Aujourd’hui et demain se déroule à Dakar, au Sénégal, un symposium consacré à la sécurité maritime dans le golfe de Guinée. Il réunit notamment les chefs d’état-major des marines de 17 pays riverains de cette zone, engagés dans une importante action de coopération initiée en juin 2013 à Yaoundé, au Cameroun.
Confirmé l’an dernier lors du sommet de l’Union Africaine à Lomé (Togo), le processus de Yaoundé, qui vise à développer le travail commun et améliorer l’efficacité des Etats africains en matière de sûreté et de sécurité maritime, implique aussi au niveau politique les grandes organisations régionales, Communauté Economique des Etats d’Afrique de l’Ouest (CEDEAO), Communauté Économique des États de l' Afrique Centrale (CEEAC) et Commission du Golfe de Guinée (CGG). Issu d’une volonté politique commune de sécuriser la zone afin d’en assurer la prospérité, l’objectif du processus est, notamment, de mettre en œuvre une stratégie régionale de sûreté et de sécurité maritime, avec des actions concrètes destinées à lutter contre différentes menaces.

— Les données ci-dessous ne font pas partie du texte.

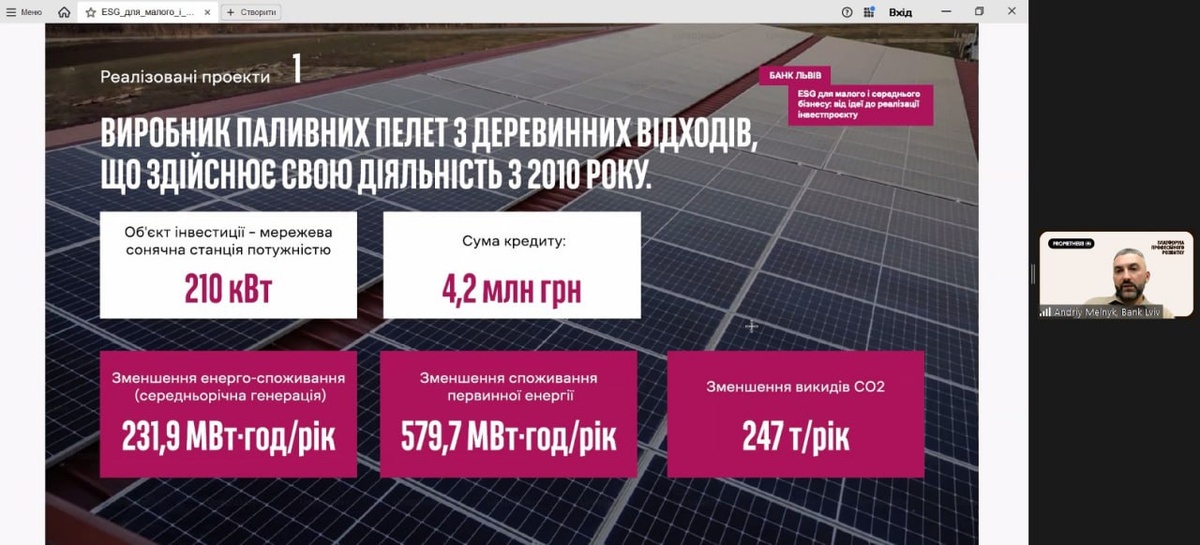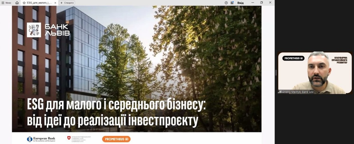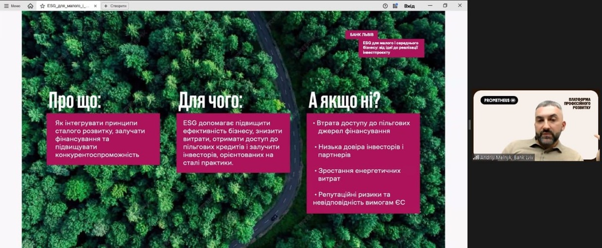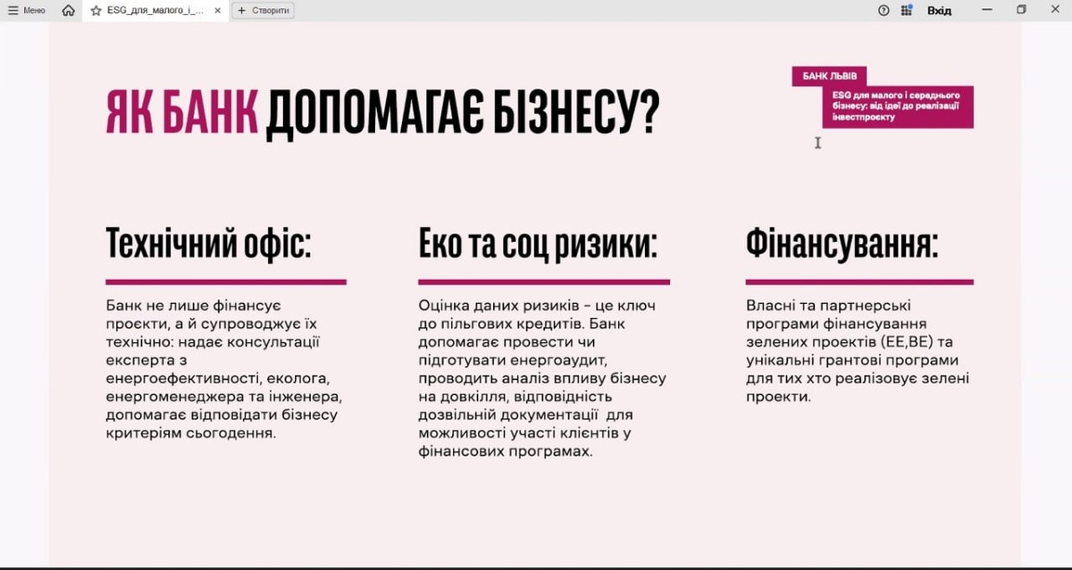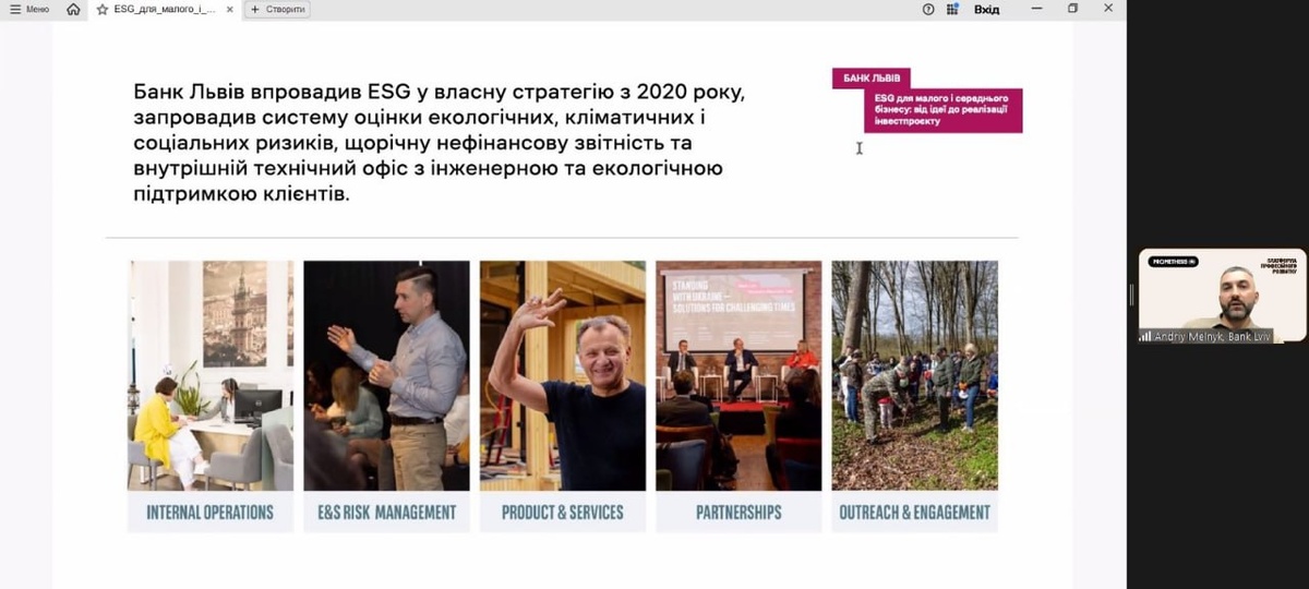 - o досвідом Банку Львів у роботі з ESG-ризиками та фінансуванні зелених проєктів;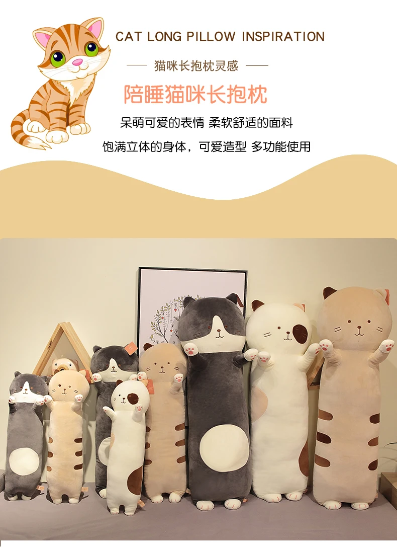 Новинка Kawaii плюшевая набивная подушка в виде кошки мягкая плюшевая подушка в виде кошки длинная подушка в виде животных детские игрушки Рождественский подарок для девочек

Une zone stratégique et de nombreuses menaces
Zone stratégique, le golfe de Guinée, qui compte plus de 6000 kilomètres de côtes, voit transiter chaque année 140 millions de tonnes de marchandises rien que dans sa partie occidentale, soit un quart du trafic maritime africain. C’est l’une des principales zones de production pétrolière de la planète et elle abrite d’importantes ressources halieutiques. Mais la région doit faire face à de nombreux problèmes sécuritaires qui sont autant de facteurs potentiels de déstabilisation. Ils vont des actes de brigandage et de piraterie jusqu’aux trafics en tous genres, drogues et armes notamment, en passant par les risques de pollution, la pêche illicite dans ces eaux très poissonneuses, ou encore les flux migratoires et les problèmes de surpeuplement des mégalopoles situées en bord de mer. S’y ajoute évidemment le terrorisme, avec des phénomènes de radicalisation soutenus par les islamistes opérant depuis la bande sahélienne.

Structurer la coopération
Face à ces défis communs, les Etats riverains du golfe de Guinée ont donc décidé de s’unir et d’accentuer leur coopération, avec depuis trois ans des résultats encourageants. Dès septembre 2014, le Centre Interrégional de Coordination (CIC) a été installé à Yaoundé afin de veiller, au niveau stratégique, à mettre en œuvre les actions du processus. Cela passe non seulement par la collaboration des armées - marines et garde-côtes en tête - mais aussi de nombreux autres acteurs ministériels concernés dans chaque pays par ces questions, avec à chaque fois une dimension internationale.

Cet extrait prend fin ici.